Sunday, September 21, 2008

Fuji Xerox + M1 + Yeo-Leong & Peh = ??

the answer to the above qns is... a ruined weekend...

it was a normal n relaxed friday evening after work... but it turned into a stressful n headache evening after i open up my letter box n found a letter from Yeo-Leong & Peh addressed to me... i was thinking how come a law firm would send me a mail...

when i open it, it was sent under the instructions from M1... to demand payment from me for the hp line i had during my time in Fuji Xerox... n the sum is $263.83 plus a legal cost of $53.50 which makes it a total of $317.33... i was like WTH...

1stly, when i left Fuji Xerox, i returned everything including the hp they gave me n the M1 sim card...

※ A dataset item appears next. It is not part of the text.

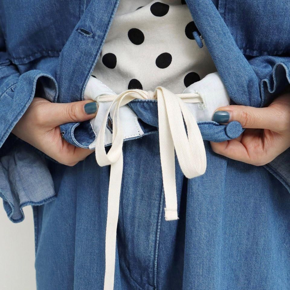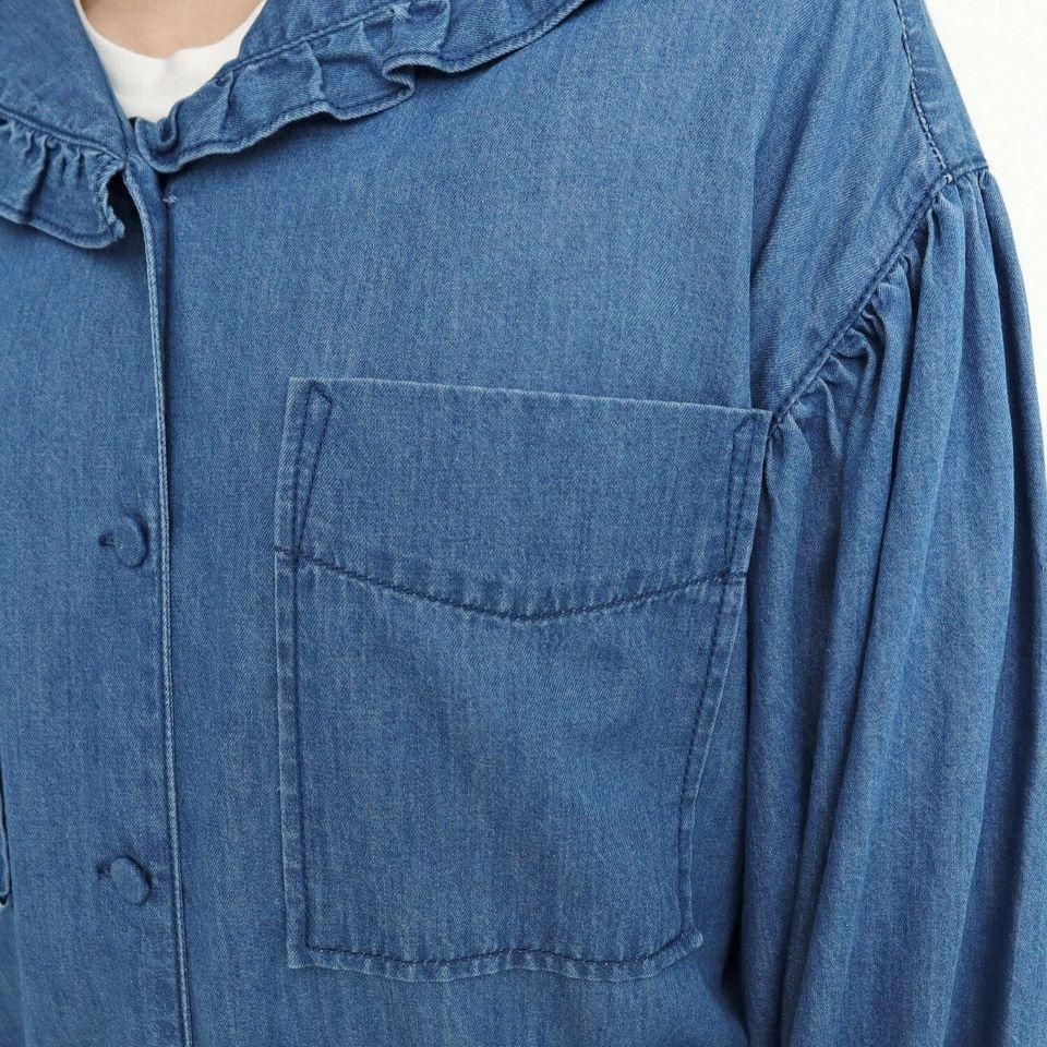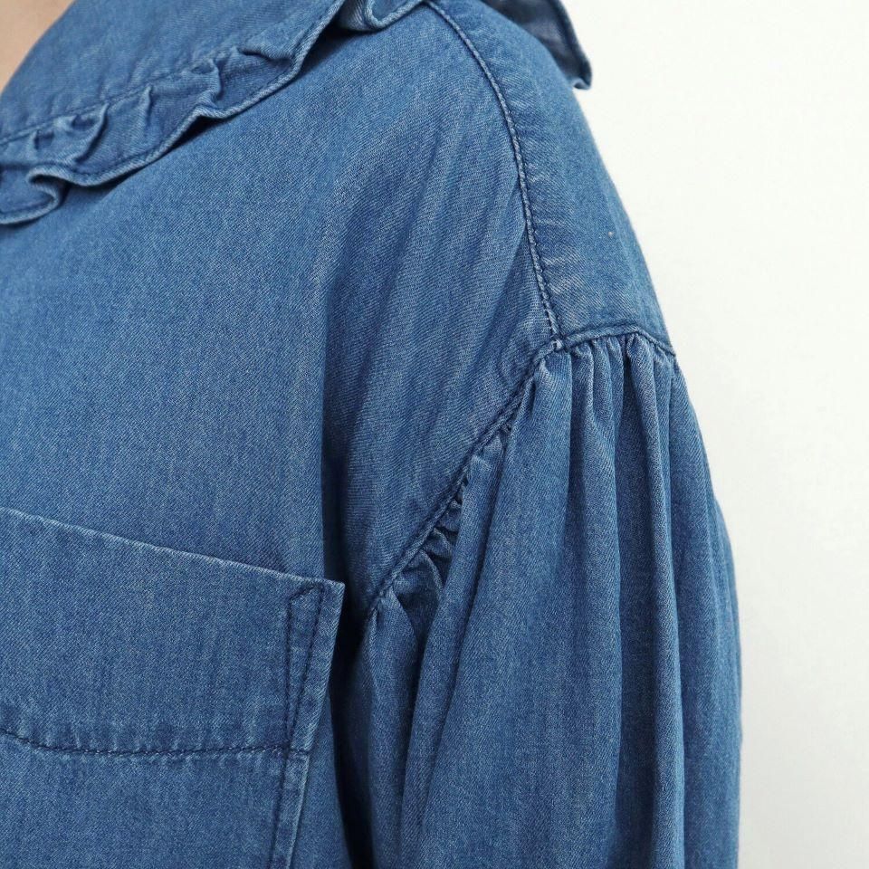 カジュアルなイメージの強いデニムに敢えてフリルやギャザーなど、甘いディテールを加えたバランス感が魅力的です。

2ndly, i thought they would pass the sim card n hp to a new employee... so when i kept receiving the monthly bill from M1, i didn't bother abt it... why? cus the charges would be paid by Fuji Xerox... but i kept wondering how come they nv transfer the line to another person's name if it's being used by another person...

3rdly, i called up M1 friday nite to check on the monthly bills after i leave the company in Feb... i was told that Fuji Xerox lifted off the corporate plan from the line ONLY... n the line was still active... but why wasn't i informed of such things when apparently i am no longer holding onto the hp or the sim card... why wasn't i told to terminate the line?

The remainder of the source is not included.